**Your assignment:** Could you transcribe all the entries exactly, omitting the pictures?

**Input for this task:**
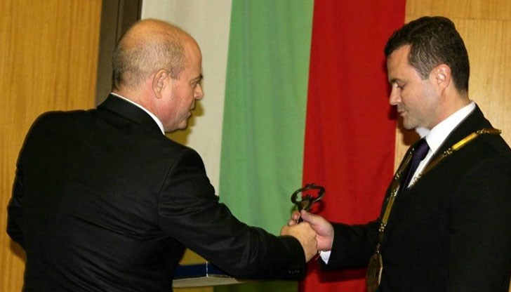 Досегашният кмет Пламен Стоилов, който предаде символите на общината на Милков, пожела да продължи ускореното развитие на Русе.
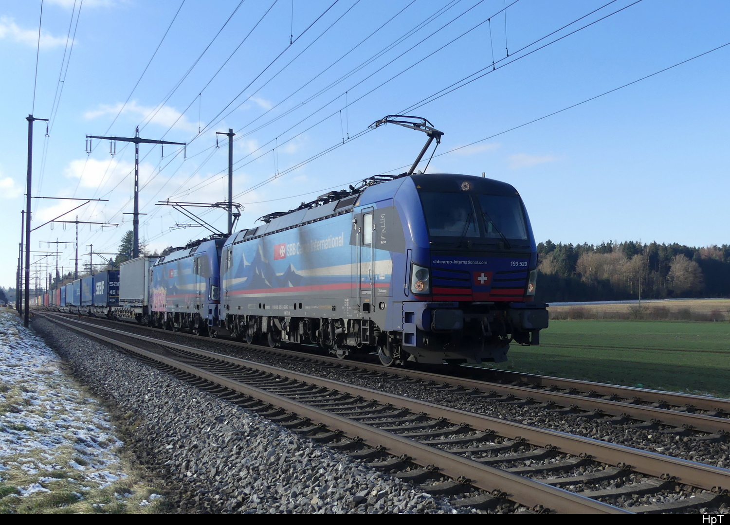 SBB - Lok 193 529-5 + 193 531-1 vor Güterzug unterwegs bei Lyssach am 2025.01.13
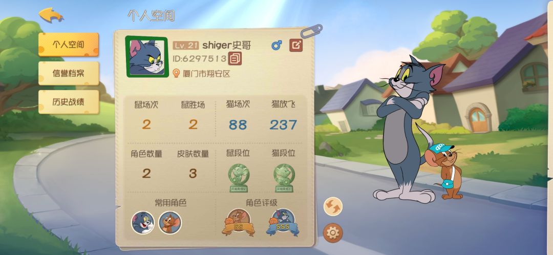 首先附上自己的玩猫胜率图,通过常用角色可以发现,我用的是汤姆,没用其他猫 OK,教程开始 这是古堡图。 首先从进游戏开始,地图展开时,不要急着进入,看着地图那里会出来机器鼠,再点击地图进入,无脑抓那只机器鼠就行,抓完后升级“手型枪”技能,因为这个技能也能对机器鼠造成摧毁效果。然后去经验蛋糕那里等,因为会有老鼠过去吃。然后抓的时候不要一直点抓捕按钮,有冷却,会错过最佳的抓捕时机。在机器鼠抓蛋糕和跳跃
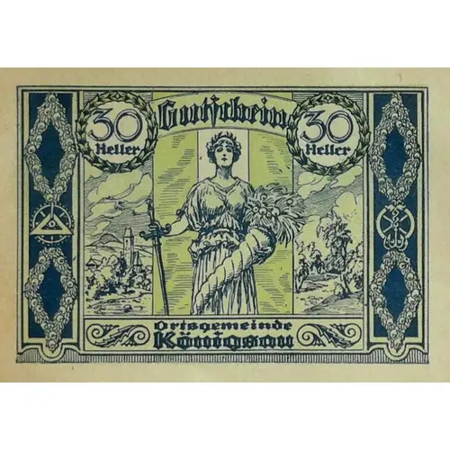 die gutscheine werden auf grund des gemeindeausschubbeschlusses vom 23. juli 1920 ausgegeben und bis 31. dezember 1920 in gesetzlichem bargelde eingelost. die nachahmung dieses scheines wird gesetzlich bestraft. der ortsvorsteher: Johann Riepl (Translation: the coupons due to the community extension decision Issued on July 23, 1920 and until December 31, 1920 in Cash cash redeemed. the imitation of this appearance is punished by law. the mayor: Johann Riepl) |
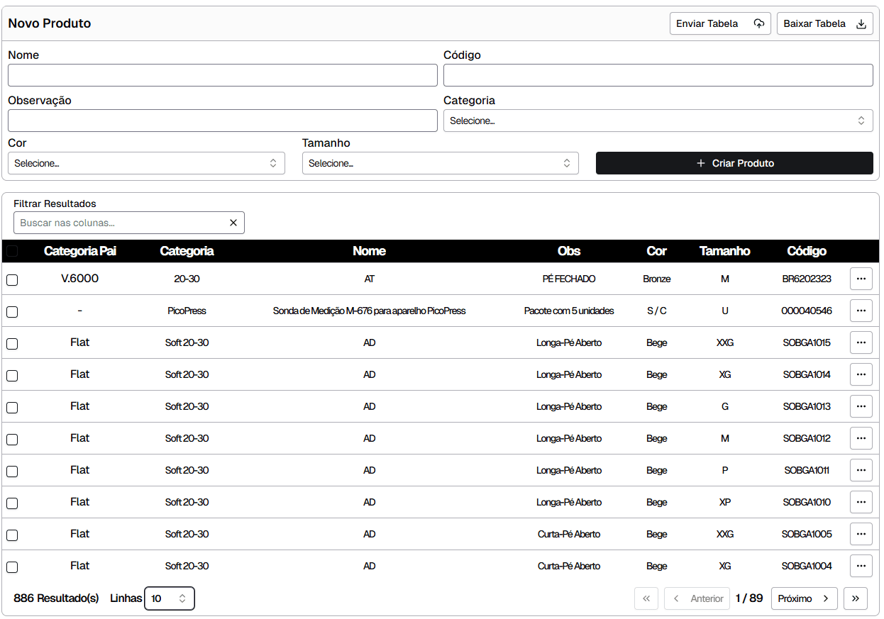 - Os seletores de Categoria, Cor e Tamanho no bloco “Novo Produto” servem apenas para criação de produtos, não para filtrar a lista. Use a busca livre para localizar itens na tabela.
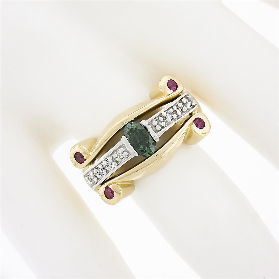 A solid 14k yellow and white gold scroll ring, with 1 oval cut natural sapphire (6x4mm - 0.60ct ), and 4 round brilliant cut natural rubies (0.20ctw), and 8 round brilliant cut natural diamonds (G/H - SI1/SI2 ; 0.12ctw). The ring is size 8.0, weighs a total of 7.58 grams, and measures 11.60mm wide.
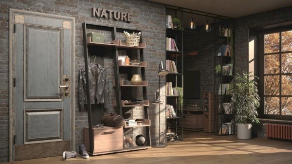 Оригинальная вешалка Nature 77 не займет много места в прихожей, но станет самой яркой деталью вашей входной зоны. Удачная комбинация ЛДСП в декорах Дуб Табачный и Черный является классическим сочетанием современного стиля лофт. Модуль выполняет функции открытой вешалки для верхней одежды и тумбы для обуви. Крепкие металлические крючки способны выдержать нагрузку до 5 кг каждый. Откидной фасад тумбы дополнительно фиксируется при закрывании магнитной защелкой. Регулируемые опоры позволят компенсировать незначительные неровности пола.
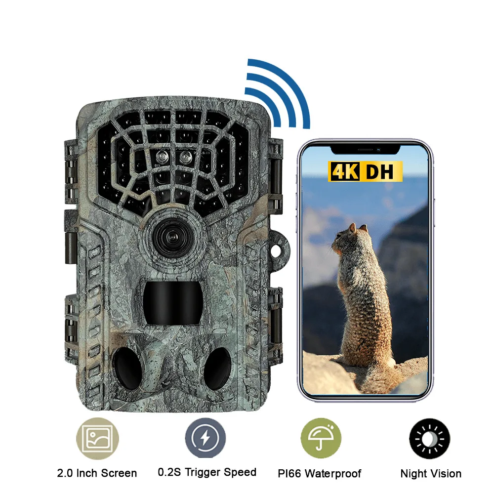 This trail camera combines technology and durability for seamless outdoor use. Built with WiFi and Bluetooth control up to 33ft, you can easily connect to your phone through a dedicated app for instant viewing and downloads. Its lightning-fast 0.2-second trigger speed and wide 120° sensing angle ensure you never miss a moment. Even in the harshest weather, the IP66 waterproof design keeps your camera safe and ready to perform.
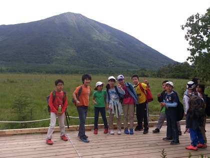 男体山をバックにお弁当を食べたあと、また戦場ヵ原を歩きました。
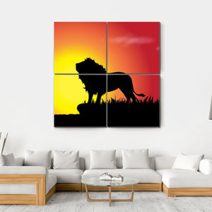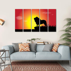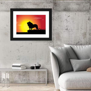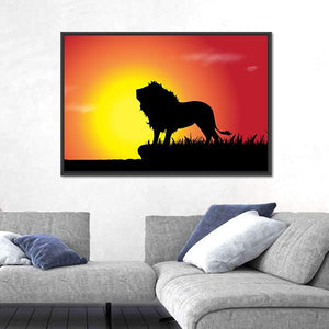 This striking wall art features a majestic lion silhouette against a vibrant sunset. With its serene black and orange palette, it captures a powerful moment in nature, making it a fitting addition to any modern décor.
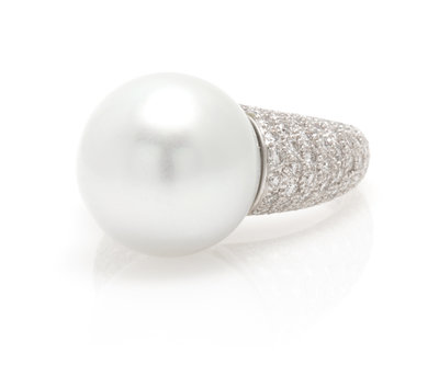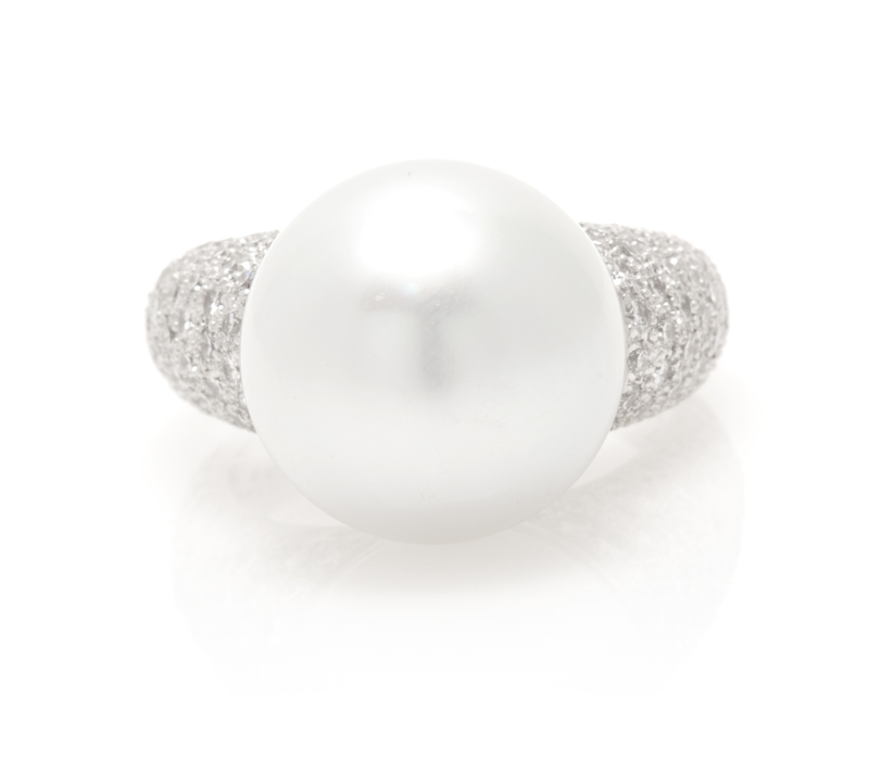 A Platinum, Diamond and Cultured South Sea Pearl Ring,
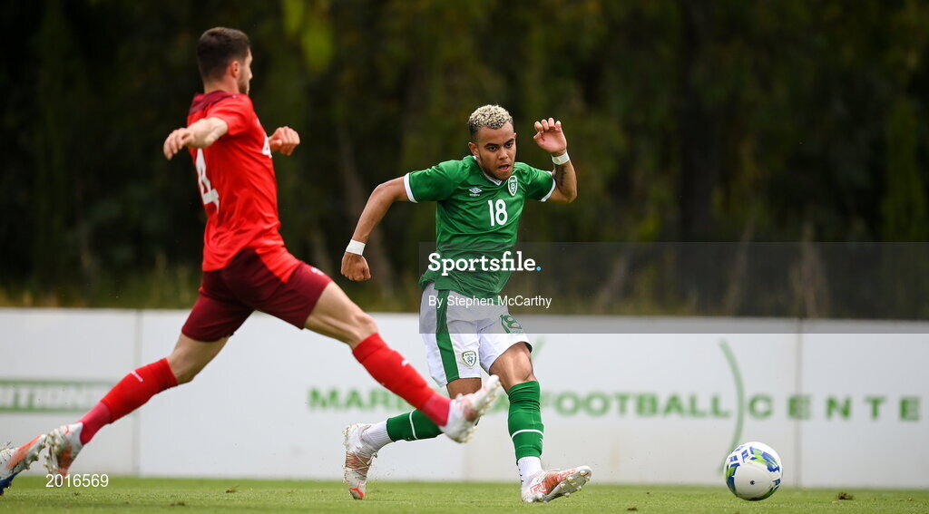 30 May 2021; Tyreik Wright of Republic of Ireland in action against Leonidas Stergiou of Switzerland during the U21 international friendly match between Switzerland and Republic of Ireland at Dama de Noche Football Centre in Marbella, Spain. Photo by Stephen McCarthy/Sportsfile
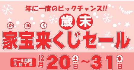 当選発表等詳細は、コチラをご覧ください→歳末家宝来くじセールチラシ
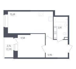 В продаже студия в корпусе 39 ЖК 'Живи! В Рыбацком'. Квартира располагается на 12 этаже, общая площадь 24.58 м2.

**Output for this exercise:**
 Досегашният кмет Пламен Стоилов, който предаде символите на общината на Милков, пожела да продължи ускореното развитие на Русе.
 SBB - Lok 193 529-5 + 193 531-1 vor Güterzug unterwegs bei Lyssach am 2025.01.13
 首先附上自己的玩猫胜率图,通过常用角色可以发现,我用的是汤姆,没用其他猫 OK,教程开始 这是古堡图。 首先从进游戏开始,地图展开时,不要急着进入,看着地图那里会出来机器鼠,再点击地图进入,无脑抓那只机器鼠就行,抓完后升级“手型枪”技能,因为这个技能也能对机器鼠造成摧毁效果。然后去经验蛋糕那里等,因为会有老鼠过去吃。然后抓的时候不要一直点抓捕按钮,有冷却,会错过最佳的抓捕时机。在机器鼠抓蛋糕和跳跃
 die gutscheine werden auf grund des gemeindeausschubbeschlusses vom 23. juli 1920 ausgegeben und bis 31. dezember 1920 in gesetzlichem bargelde eingelost. die nachahmung dieses scheines wird gesetzlich bestraft. der ortsvorsteher: Johann Riepl (Translation: the coupons due to the community extension decision Issued on July 23, 1920 and until December 31, 1920 in Cash cash redeemed. the imitation of this appearance is punished by law. the mayor: Johann Riepl) |
 - Os seletores de Categoria, Cor e Tamanho no bloco “Novo Produto” servem apenas para criação de produtos, não para filtrar a lista. Use a busca livre para localizar itens na tabela.
 A solid 14k yellow and white gold scroll ring, with 1 oval cut natural sapphire (6x4mm - 0.60ct ), and 4 round brilliant cut natural rubies (0.20ctw), and 8 round brilliant cut natural diamonds (G/H - SI1/SI2 ; 0.12ctw). The ring is size 8.0, weighs a total of 7.58 grams, and measures 11.60mm wide.
 Оригинальная вешалка Nature 77 не займет много места в прихожей, но станет самой яркой деталью вашей входной зоны. Удачная комбинация ЛДСП в декорах Дуб Табачный и Черный является классическим сочетанием современного стиля лофт. Модуль выполняет функции открытой вешалки для верхней одежды и тумбы для обуви. Крепкие металлические крючки способны выдержать нагрузку до 5 кг каждый. Откидной фасад тумбы дополнительно фиксируется при закрывании магнитной защелкой. Регулируемые опоры позволят компенсировать незначительные неровности пола.
 This trail camera combines technology and durability for seamless outdoor use. Built with WiFi and Bluetooth control up to 33ft, you can easily connect to your phone through a dedicated app for instant viewing and downloads. Its lightning-fast 0.2-second trigger speed and wide 120° sensing angle ensure you never miss a moment. Even in the harshest weather, the IP66 waterproof design keeps your camera safe and ready to perform.
 男体山をバックにお弁当を食べたあと、また戦場ヵ原を歩きました。
 This striking wall art features a majestic lion silhouette against a vibrant sunset. With its serene black and orange palette, it captures a powerful moment in nature, making it a fitting addition to any modern décor.
 A Platinum, Diamond and Cultured South Sea Pearl Ring,
 30 May 2021; Tyreik Wright of Republic of Ireland in action against Leonidas Stergiou of Switzerland during the U21 international friendly match between Switzerland and Republic of Ireland at Dama de Noche Football Centre in Marbella, Spain. Photo by Stephen McCarthy/Sportsfile
 当選発表等詳細は、コチラをご覧ください→歳末家宝来くじセールチラシ
 В продаже студия в корпусе 39 ЖК 'Живи! В Рыбацком'. Квартира располагается на 12 этаже, общая площадь 24.58 м2.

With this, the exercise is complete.